4. Keys and Their Assigned Commands
In this section, we'll go through a list of all the speakup keys and
commands. You can also get a list of commands and assigned keys from
the help system.
The following list was taken from the file. Key
assignments are on the left of the equal sign, and the associated
Speakup commands are on the right. The designation "spk" means to press
and hold the speakup key, a.k.a. keypad insert, a.k.a. caps lock, while
pressing the other specified key.
spk key_f9 = punc_level_dec
spk key_f10 = punc_level_inc
spk key_f11 = reading_punc_dec
spk key_f12 = reading_punc_inc
spk key_1 = vol_dec
spk key_2 = vol_inc
spk key_3 = pitch_dec
spk key_4 = pitch_inc
spk key_5 = rate_dec
spk key_6 = rate_inc
key_kpasterisk = toggle_cursoring
spk key_kpasterisk = speakup_goto
spk key_f1 = speakup_help
spk key_f2 = set_win
spk key_f3 = clear_win
spk key_f4 = enable_win
spk key_f5 = edit_some
spk key_f6 = edit_most
spk key_f7 = edit_delim
spk key_f8 = edit_repeat
shift spk key_f9 = edit_exnum
key_kp7 = say_prev_line
spk key_kp7 = left_edge
key_kp8 = say_line
double key_kp8 = say_line_indent
spk key_kp8 = say_from_top
key_kp9 = say_next_line
spk key_kp9 = top_edge
key_kpminus = speakup_parked
spk key_kpminus = say_char_num
key_kp4 = say_prev_word
spk key_kp4 = say_from_left
key_kp5 = say_word
double key_kp5 = spell_word
spk key_kp5 = spell_phonetic
key_kp6 = say_next_word
spk key_kp6 = say_to_right
key_kpplus = say_screen
spk key_kpplus = say_win
key_kp1 = say_prev_char
spk key_kp1 = right_edge
key_kp2 = say_char
spk key_kp2 = say_to_bottom
double key_kp2 = say_phonetic_char
key_kp3 = say_next_char
spk key_kp3 = bottom_edge
key_kp0 = spk_key
key_kpdot = say_position
spk key_kpdot = say_attributes
key_kpenter = speakup_quiet
spk key_kpenter = speakup_off
key_sysrq = speech_kill
key_kpslash = speakup_cut
spk key_kpslash = speakup_paste
spk key_pageup = say_first_char
spk key_pagedown = say_last_char
key_capslock = spk_key
spk key_z = spk_lock
key_leftmeta = spk_key
ctrl spk key_0 = speakup_goto
spk key_u = say_prev_line
spk key_i = say_line
double spk key_i = say_line_indent
spk key_o = say_next_line
spk key_minus = speakup_parked
shift spk key_minus = say_char_num
spk key_j = say_prev_word
spk key_k = say_word
double spk key_k = spell_word
spk key_l = say_next_word
spk key_m = say_prev_char
spk key_comma = say_char
double spk key_comma = say_phonetic_char
spk key_dot = say_next_char
spk key_n = say_position
ctrl spk key_m = left_edge
ctrl spk key_y = top_edge
ctrl spk key_dot = right_edge
ctrl spk key_p = bottom_edge
spk key_apostrophe = say_screen
spk key_h = say_from_left
spk key_y = say_from_top
spk key_semicolon = say_to_right
spk key_p = say_to_bottom
spk key_slash = say_attributes
spk key_enter = speakup_quiet
ctrl spk key_enter = speakup_off
spk key_9 = speakup_cut
spk key_8 = speakup_paste
shift spk key_m = say_first_char
ctrl spk key_semicolon = say_last_char
5. The Speakup Sys System
The Speakup screen reader also creates a speakup subdirectory as a part
of the sys system.
As a convenience, run as root
ln -s /sys/accessibility/speakup /speakup
to directly access speakup parameters from /speakup.
You can see these entries by typing the command:
ls -1 /speakup/*
If you issue the above ls command, you will get back something like
Notice the two subdirectories of /speakup: /speakup/i18n and
The i18n subdirectory is described in a later section.
The files under /speakup/soft represent settings that are specific to the
driver for the software synthesizer.

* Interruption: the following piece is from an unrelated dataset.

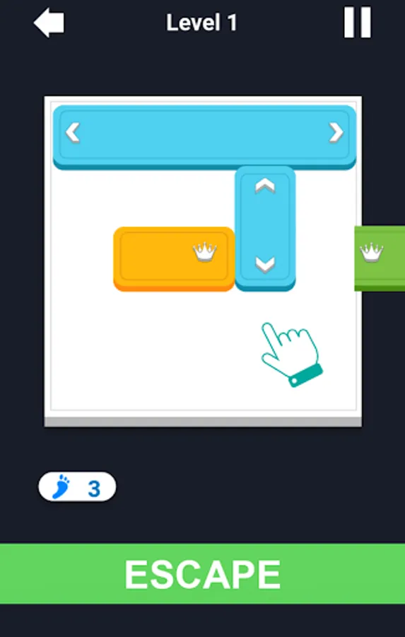 Escape: Slide blocks to unblock the Crown block out of the board. Try your best to solve stages and get 3 stars!

If you use the LiteTalk, your
synthesizer-specific settings would be found in /speakup/ltlk. In other words,
a subdirectory named /speakup/KWD is created to hold parameters specific
to the device whose keyword is KWD.
These parameters include volume, rate, pitch, and others.
In addition to using the Speakup hot keys to change such things as
volume, pitch, and rate, you can also echo values to the appropriate
entry in the /speakup directory. This is very useful, since it
lets you control Speakup parameters from within a script. How you
would write such scripts is somewhat beyond the scope of this manual,
but I will include a couple of simple examples here to give you a
general idea of what such scripts can do.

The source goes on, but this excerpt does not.